On a less practical but still enjoyable note, the ideas of Ed Fredkin, which I had been pondering since my teenage years, and the subsequent release of "A New Kind of Science" inspired me to contemplate whether the universe was indeed a computer. Years ago, I wrote an essay on the topic, questioning if the infinite indivisibility of physical quantities we assume in the universe is not real and instead an artifact of the mathematical tools we use to examine everything around us. For example, Zeno's paradox assumes that space can be divided infinitely, but we have seen from modern physics that this assumption may not necessarily hold true.
Conway’s Game of Life
I thought and wrote about whether the Universe was a computer for much of my teen years. In one conceptual model, I imagined that we were living in a digitized, quantized world due to the finite indivisibility of space-time. If space-time can be no smaller than an indivisible unit of Planck length, then what it can contain is also similarly bound. And if we have quantized space-time and a finite number of unique “symbols” to populate in this smallest “cell” of space-time, haven’t we just arrived at a computer data structure? Could entanglement, or “spooky action at a distance,” be a pointer between two memory locations? Could the evolution of the Universe as a system merely be algorithms acting upon the space-time data structure? And could it be that we somehow cause a selection of a dynamic slice of this vast data allowing us to perceive the current instance of time?

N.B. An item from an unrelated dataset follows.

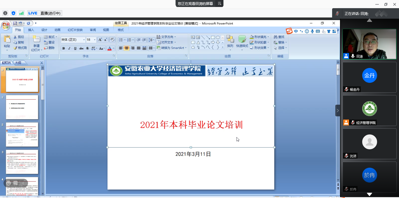 本网讯 为适应高质量发展要求,进一步规范2021届本科毕业生论文写作,3月11日晚,学院通过腾讯会议和腾讯直播召开了2021年本科毕业论文培训会议,副院长田涛主持。各专业负责人、毕业论文导师和2021届本科毕业生近600人参加了线上培训。

While these flights of fancy are fun and connected to deep questions, for a professional scientist and engineer, balancing these questions with pursuits that have real, measurable, and tangible goals is essential. I have found some balance in this regard through my career. I enjoy investigating such cosmically mysterious questions, but much of my time is spent in figuring out more immediately useful things. It is only now that the two are merging. Never before have we been able to contemplate and practical work on how emergence is actually helpful in the context of Generative AI products. Or how one can find inspiration from the idea of computational irreducibility to impose minimum resource costs on an operation, a “proof of work.”
The fascinating and the practical are more intertwined now than ever before! How lucky we are to be alive now.

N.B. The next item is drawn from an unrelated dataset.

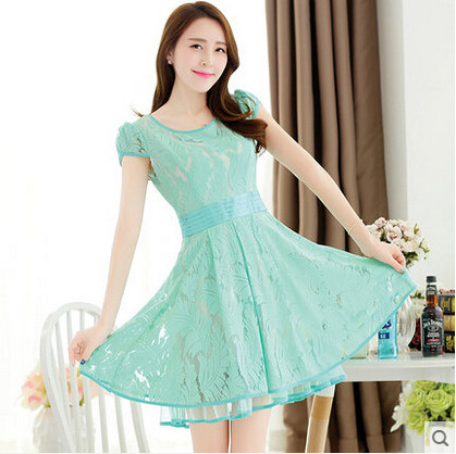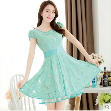• 商品名称:高端2015夏装新款修身淑坊女女装蕾丝短袖复古森女连衣裙装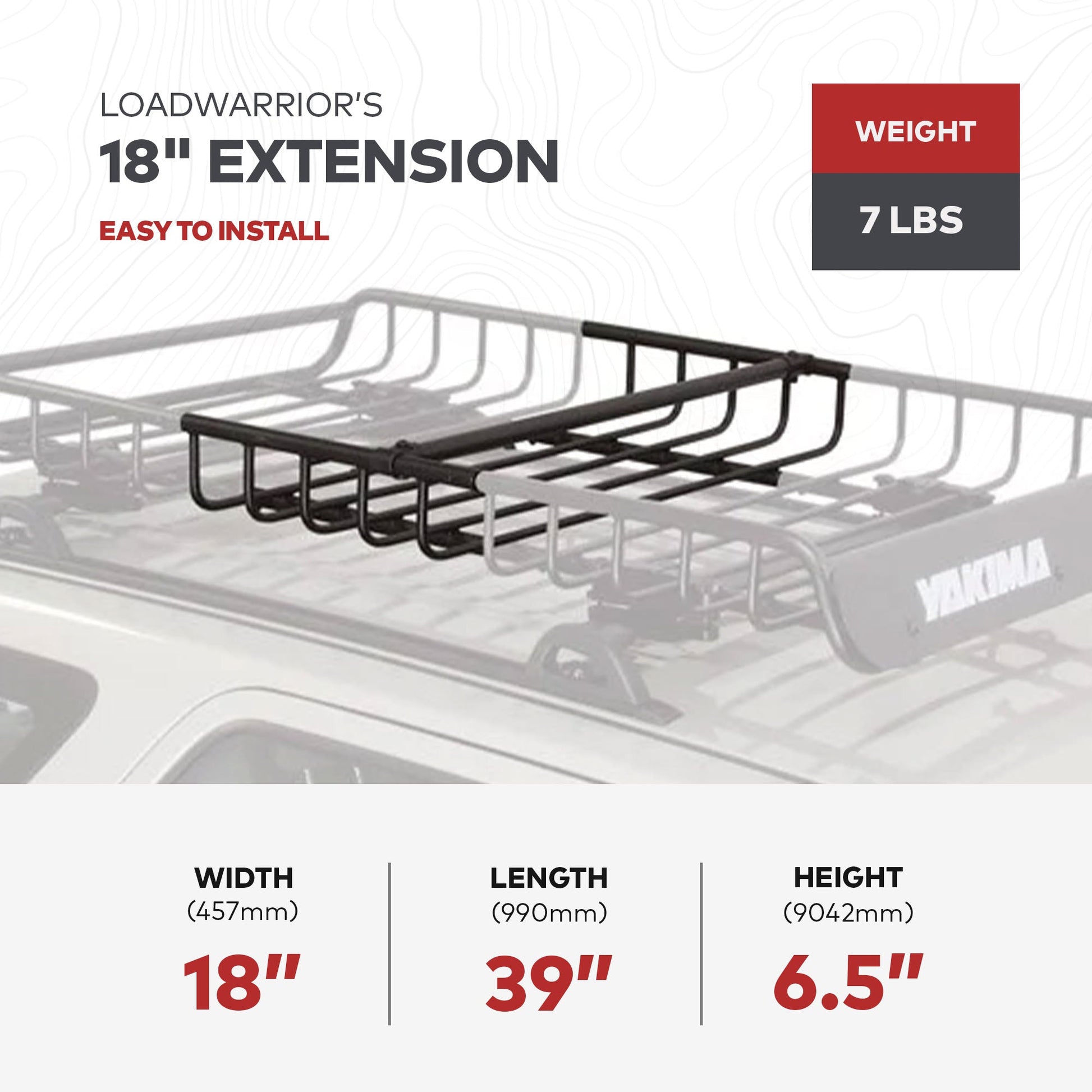- Expand your LoadWarrior's cargo capacity by 40 percent with the YAKIMA LoadWarrior 18-Inch Extension for Medium Sized Cargo Basket

But returning to where we started, people like Stephen Wolfram are important. They combine a practical side (Mathematica, Alpha) with the courage and desire to sometimes depart on flights of fancy (A new Physics) which may or may not lead to usable outcomes. Whether or not others consider it hard science, Wolfram's work has been a great source of intellectual stimulation and learning for me.

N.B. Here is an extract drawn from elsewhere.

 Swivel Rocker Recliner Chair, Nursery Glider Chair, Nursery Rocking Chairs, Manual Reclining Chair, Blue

Computer Science is truly a vast ocean of knowledge and beauty. It is a noble pursuit if ever there was one. And it is connected to other deep science in a very unique way. Ideas that originate here often lead to insights in other disciplines, but it is also the science that allows tools to be developed which broadly advance all science.
I suppose when you love something as I have loved Computer Science, it is easy to find beauty in all its aspects and reflections. I hope you find similar loves in your life.